In 2009, Adams completed his French Baccalaureate in literature, and enrolled in law at the University of Paris X-Nanterre while simultaneously pursuing his acting career. He claimed that it was, "extremely difficult, nearly impossible, to balance both."

Career 
In 2009, Adams was spotted by Elisa Soussan, Anne Roumanoff's producer, who invited him to perform at her Carte Blanche show at the Olympia (Paris). This stage performance was broadcast on Paris Première. Following this event, Adams was offered to be the opening act of a Gad Elmaleh show at the Palais des Sports. His first one-man show, The Young Man Show, first ran in Paris in 2009 at the Théâtre Le Temple and then continued at the Palais des Glaces before touring France. The tour ended in Switzerland on 22 July 2012, during the Paléo Festival de Nyon. He then performed a show called Test... Voilà, Voilà! at the Bataclan from 27 November to 31 December 2013.

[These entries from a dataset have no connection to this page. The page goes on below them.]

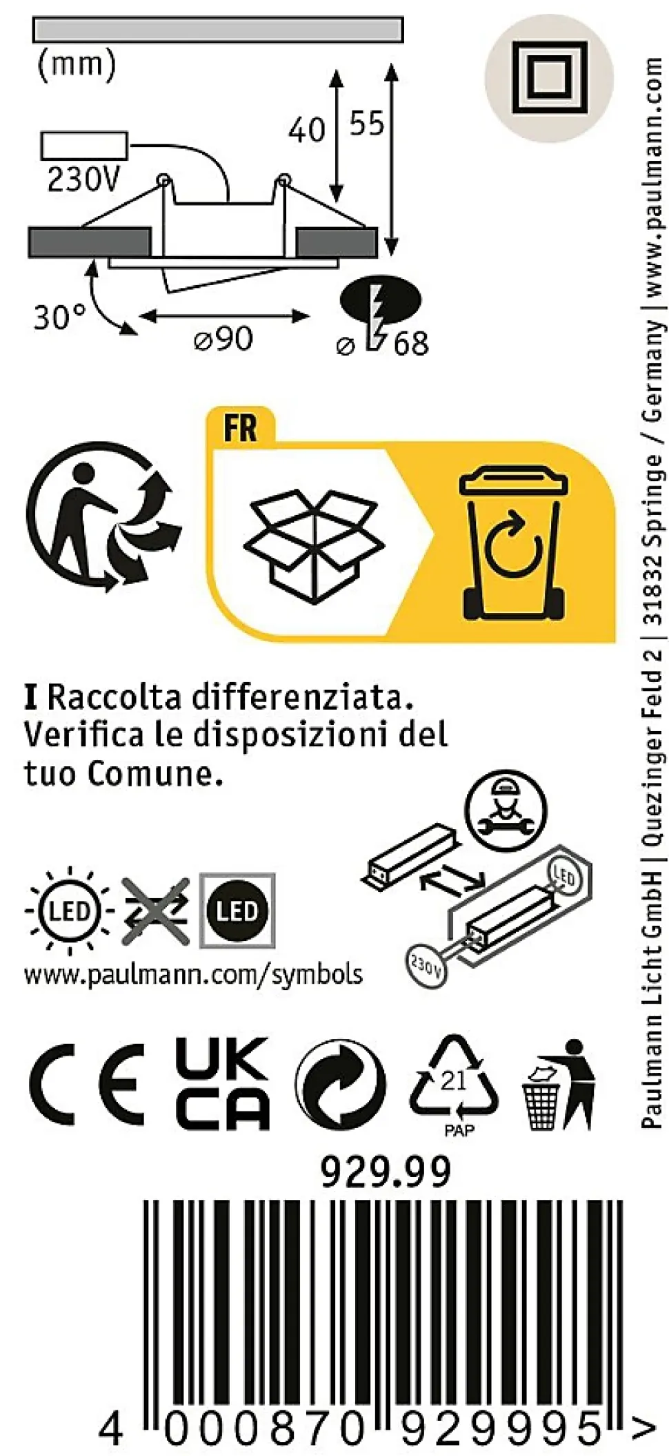 - Montage facile avec diamètre de découpe Ø 68 mm, diamètre extérieur Ø 90 mm, hauteur 50 mm.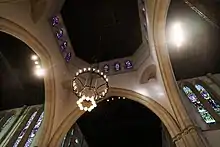 The 1991-1993 restoration included plaster repairs, cleaning of stone, and addition of handicapped access ramps. The pendant lights were moved to the center of the bays to provide more uniform light, and a new wood floor was installed to replace the former wood floor under the pews to improve the acoustic performance of the space. A crossing platform was added to extend the level of the chancel towards the nave and to provide a place for a temporary altar closer to the congregation for medium-sized services (the transept pews were turned to face the new platform at this time); the new platform also provided safer passage to the lectern. New floor tile for the platform was carefully made by hand in North Carolina so as to match the original and allow for repairs to the original floor where needed. The crossing chandelier, having been taken down and deconstructed (the large ring had been used in the Narthex), was restored and reconstructed from pieces found in the basement. The All Saints' Chapel altar rail, installed in 1924, was removed and relocated to the baptistery (the chapel had been renamed "All Saints' Chapel" from "St. Andrew's Chapel" around 1940). The new parclose screen in the All Saints' Chapel was made by Herbert Read Ltd. of Tiverton, Devon, England. In the Lady Chapel, two reconstructions of the original electric lamps designed by Cram's partner Bertram Goodhue were hung in the space. A wood screen was added to define the space of the All Saints' Chapel, and an original lighting fixture was installed.[4]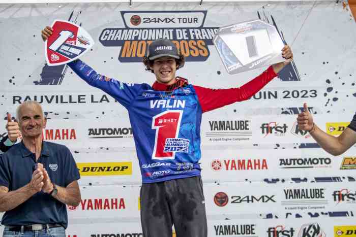 Après une première journée ensoleillée, la météo est venue bouleverser l’épreuve de Rauville-la-Place. Quelques minutes avant la première manche Junior, un déluge s’abat sur la piste normande. Arrivé sur place avec 64 points d’avance sur Mathis Barthez, Mathis Valin doit marquer 11 unités de plus que le pilote Yamaha pour décrocher le titre à l’issue du premier débat. Auteur du holeshot, intouchable dans la boue, le pilote GasGas 737 Performance rempli sa mission et remporte sa onzième manche consécutive. À la lutte pour la place de Vice-Champion, Mathis Barthez et Jules Piètre abandonnent. Le premier après avoir chuté, le second à la suite d’un problème mécanique. De retour de blessure, Tom Brunet termine second devant Jean-Paul Piacentini, Tom Caneele et Noa Houque. Avec cette victoire, Valin décroche donc le titre de Champion de France Junior 2023.

As of May 2014, Adams has more than 3 million fans on Facebook and more than 1 million followers on Twitter and in 2017 more 4 million followers on instagram.

From September 2010 to February 2011, Adams was a contestant on the TV program On n'demande qu'à en rire ("We just want to laugh at it", literally "We ask only to laugh at it") hosted by Laurent Ruquier. He left the show voluntarily to dedicate himself to the Soda television series, in which he plays a major role. Soda depicts the daily life of three boys and includes guest stars such as La Fouine and Amel Bent. Since the summer of 2011, the series has been broadcast on M6, and on W9 in 2012. Season three close the series in 2015.

The same year he has his biggest box office successes with Serial Teachers, as the almost-school dropout and his adventures with the worst teachers of France, and The New Adventures of Aladdin, as one of the thieves caught by the children in the midst of a robbery on Christmas Eve.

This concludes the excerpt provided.